Segundo o TdC, no inicio de aplicação da medida da gratuitidade da creche, havia 20.473 crianças abrangidas, o que representava cerca de 27,2% das crianças e frequentar uma creche no âmbito dos acordos de cooperação. Em 2022, esse número subiu mais de 100%, chegando a 48.946 crianças, que representaram um custo de 40,7 milhões de euros.
Em 2023, mais 12.301 crianças passaram a beneficiar de vaga gratuita graças ao facto de a medida, que inicialmente arrancou apenas com o setor social, passar a abranger os equipamentos da rede privada e lucrativa, mas também da rede social sem acordo de cooperação, como foi o caso da Santa Casa da Misericórdia de Lisboa.
Modelo de financiamento deve ser repensado
A auditoria do TdC concluiu também que nem todas as IPSS apresentaram as suas contas ao Ministério do Trabalho, Solidariedade e Segurança Social, apontando que das 4.996 existentes, "só 3.885 apresentaram as suas contas".
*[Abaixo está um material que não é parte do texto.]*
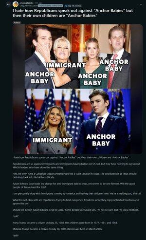 Un Redditor non sa cosa sia un "anchor baby".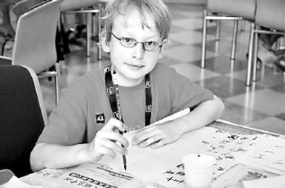 在维也纳大学的一间教室里,20多个孩子围坐在6张桌子旁,他们的面前放着毛笔、墨汁、宣纸和书法字帖。我走近一位正在握笔写字的女孩。她说,她叫雅仕敏,今年11岁,从未接触过中国书法,今天是第一次手握毛笔,虽然不知道写的字是什么意思,但手握毛笔的感觉很有趣。我告诉她,她的名字在中文里是“茉莉花”,中国有一首民歌来唱颂茉莉花。她表示要去找来听听。达尼尔虽只有9岁,却已是第3次参加“儿童大学”的学习。他告诉我,每次都是他自己想来的,因为在“儿童大学”能学到在学校里学不到的东西。他今年选了8堂课,除中国书法外,还有未来的汽车等。他也是第一次手握毛笔,手上的墨还涂到了脸上,不过字写得不错。再仔细看,发现他将字帖放在宣纸下面,是照着字帖描。真是个“有点子”的孩子。我问他为什么对中国书法感兴趣,他说,要是会写中国字,同学们会觉得他很“酷”。他愿意学习别人不知道的东西。埃马努艾今年12岁,是个黑孩子。他出生在牙买加,随父母来到维也纳。他喜欢画画,也喜欢中国,还选了“中国地理”课。他照字帖写的繁体字“笔”,将“竹”字头下的两点画成了两颗炯炯有神的黑眼珠,让“笔”字获得了生命。

A partir de um caso de estudo no distrito de Aveiro, os relatores verificaram porém que há discrepâncias entre o que cada instituição recebe por criança e o custo efetivo de cada uma delas, uma vez que deixou de existir qualquer comparticipação por parte dos pais como até ao momento em que foi implementado o programa Creche Feliz. Por isso recomendam ao Governo que faça alterações ao modelo atual, “no sentido de que as decisões de financiamento das respostas sociais sejam suportadas por um modelo de financiamento assente em metodologias de custeio que, diferenciando o contexto socioeconómico em que cada estabelecimento se insere, potenciem a melhoria da qualidade dos serviços prestados, a implementação de práticas que promovam a adequada gestão de recursos e, deste modo, a eficiência funcional dos prestadores e a sua sustentabilidade financeira”.